SAINT LOUIS, MO. – The Summer Gallery Auction at Ivey-Selkirk in St. Louis took place Saturday and Sunday, June 8 and 9. The sale, offering over 845 lots, featured 176 American and Continental artworks.
This traditional quarterly auction also included antique and semi-antique furniture, decorative art, silver, porcelain, Asian ivories and minerals, Oriental carpets and jewelry which took in $926,198.; all told 84 percent sold.
American paintings by William Trost Richards, Ernest Lawson, Joseph Rusling Meeker and Luigi Lucioni were big sellers. A fine oil painting by William Trost Richards reached its high estimate of $60,000. and sold successfully for $69,000 to an East coast telephone bidder. William Trost Richards (1833-1905), was born in Philadelphia and studied in Florence, Rome and Paris and was a pupil of Paul Weber.
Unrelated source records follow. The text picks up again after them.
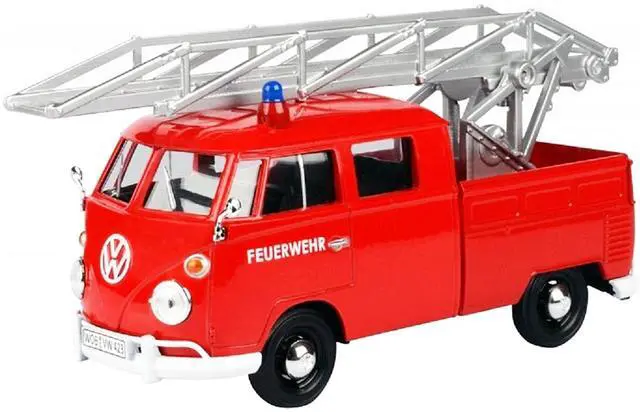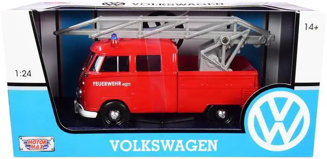 Brand new 1/24 scale diecast car model of Volkswagen Type 2 (T1) Fire Truck with Aerial Ladder "Feuerwehr" Red die cast model car by Motormax.
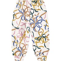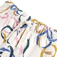 Soft pants for the little ones made of organic cotton. The pants are off-white with a print of colourful bows. The pants have elastic and a tie at the waist and ribbed cuffs at the ankles. They are easy to put on and take off and have plenty of space to move. Combine it with the matching sweatshirt for a complete outfit.
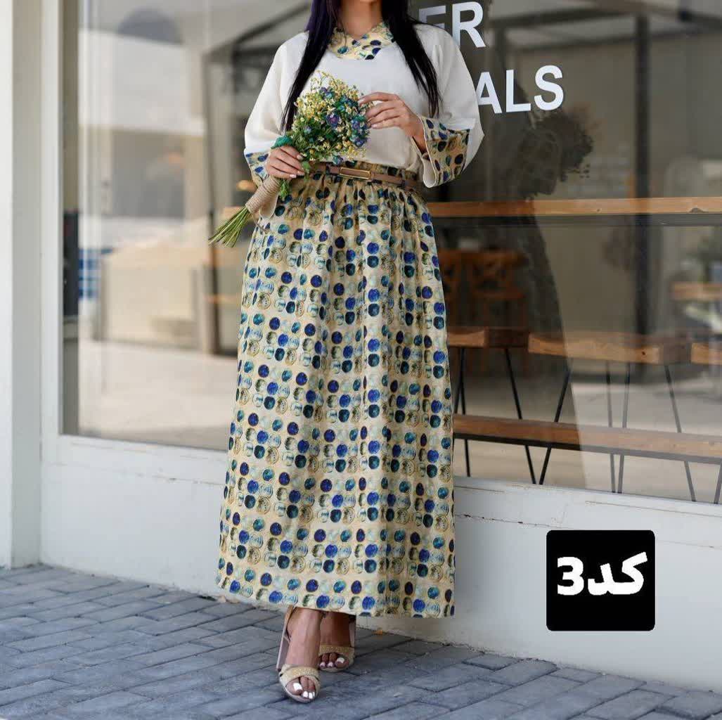 👚نام : ست سه تیکه نگارین 👗🌹قد شومیز 63 🌹دورسینه 124 🌹قد استین از یقه 62 🌹قد دامن 90 ❌3 تیکه شامل شومیز و دامن و کیف ❌ 🧵جنس : جنس شومیز لینن ترک طرح دار دامن لینن هندی 🖌 رنگ بندی : کد1 - کد2 - کد3 - کد4 - ⚜️ سایز ها : 38/46 -
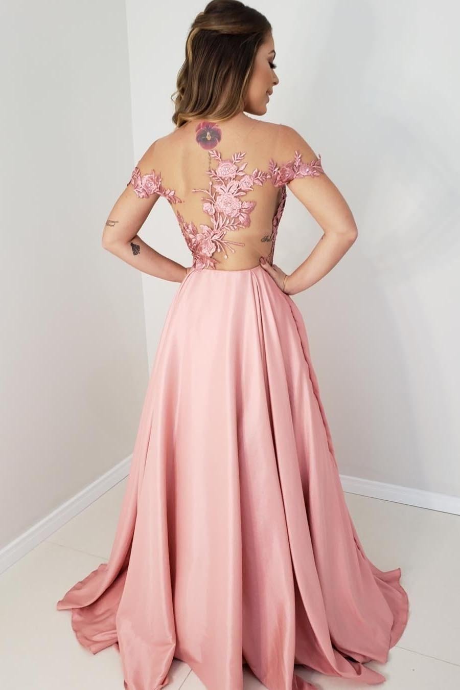 Off Shoulder Appliques Satin Long Prom Dress,Formal Dresses Pink Formal Gown
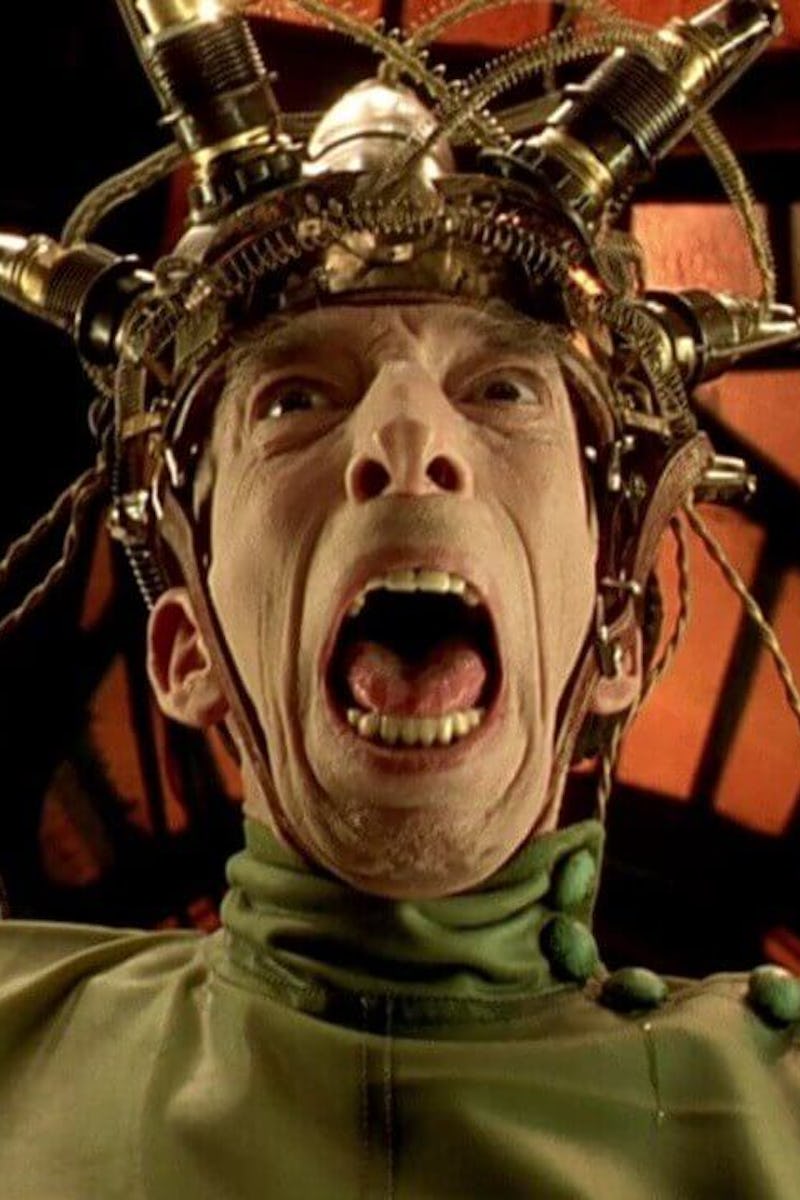 But then another Santa Claus appears, and another, and another, until the room is filled with them. The little boy’s smile vanishes, happiness twisting into fear as he grabs his favorite stuffed animal and tries, in vain, to escape the room. The walls begin to twist and bend, reality wavering as the boy’s dream becomes a nightmare. The next thing we see is that of an older man screaming in pain — a strange mechanical helmet strapped to his head.
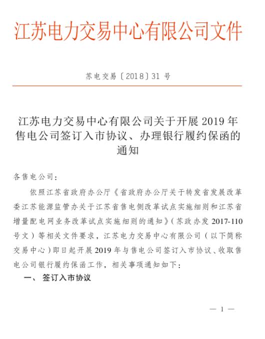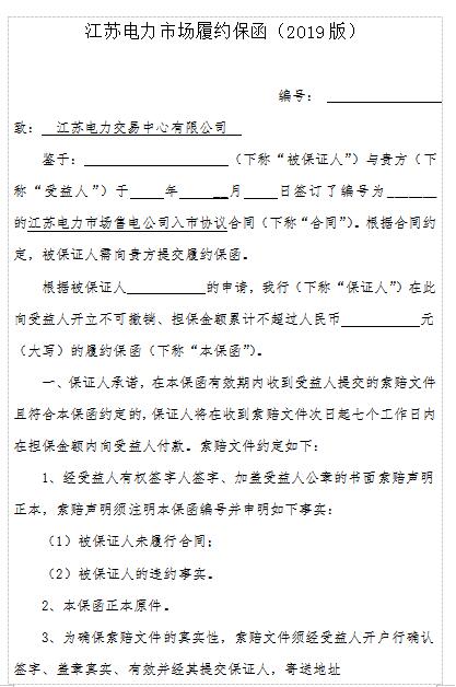 擬參與2019年江蘇電力市場交易的售電公司,需在與用戶綁定工作開展前及時辦理銀行履約保函,履約保函有效期不得早于2020年1月31曰。

He attended the Pennsylvania Academy of the Fine Arts in Philadelphia and won the bronze medal in 1889 at the Paris Exposition. Three oil paintings by Luigi Lucioni were offered on June 8th. Luigi Lucioni, a well-respected American artist known for the photographic realism of his landscapes and still life paintings, immigrated to the United States from Italy in 1911. He studied art at Cooper Union and at the National Academy of Design under William Auerbach Levy. A prolific etcher, the linear approach to this technique solidified his crisp, realistic style in painting. Lucioni taught at the Art Student’s League in New York but spent several months a year in Stowe, Vermont, and he was in fact dubbed “Artist Laureate of Vermont” by Life Magazine. The recipient of many awards, Lucioni, in 1932, was the first contemporary American artist to have a painting purchased by the Metropolitan Museum of Art.
The rarity of Lucioni’s paintings being offered at auction brought forth intense interest. The “Steeple Through the Birches”, Manchester, Vermont, 1955, size 11 x 8 inches, attracted so much interest that the numerous telephone bidders and sealed bids more than doubled the presale estimate of $4,000-6,000., realizing a final bid of $17,250. Residents of Vermont easily recognized the scenery. The successful East coast telephone bidder was quite pleased with the outcome.
An antique American walnut “extra grade” Wooten desk, circa 1880, sold at its presale estimate for $21,850. The Wooten desk was patented in 1874 by William Wooten of Indianapolis, Indiana and manufactured in Indianapolis and Richmond, Indiana from 1874 to 1897. The Wooten desk represents the best of nineteenth century Hoosier craftsmanship in fine furniture and was owned by individuals of note from the business, social and political world including royalty and is a symbol of the transitions which occurred in manufacturing and business in the United States during the late nineteenth century. The Wooten became a prized collector’s rdf_Description and was declared an Indiana treasure on April 8, 1983 by Governor Robert D. Orr, in conjunction with the opening of the Wooten Patent Desk Exhibit at Indian State Museum. The English Furniture department offered an antique English walnut Gothic Grandfather clock reaching a height of twelve feet and sold to a local St. Louis bidder for $9,200.
There were over 200 lots of jewelry offered in the Sunday session, which offered a wide selection of platinum, diamond, gold, pearl and colored gemstones ranging from a Tiffany diamond lapel watch to Victorian brooches. A lovely South Sea pearl necklace measuring 19 inches in length with 10mm to 13.6mm pearls, sold for $9,487.50 to an Illinois absentee bidder.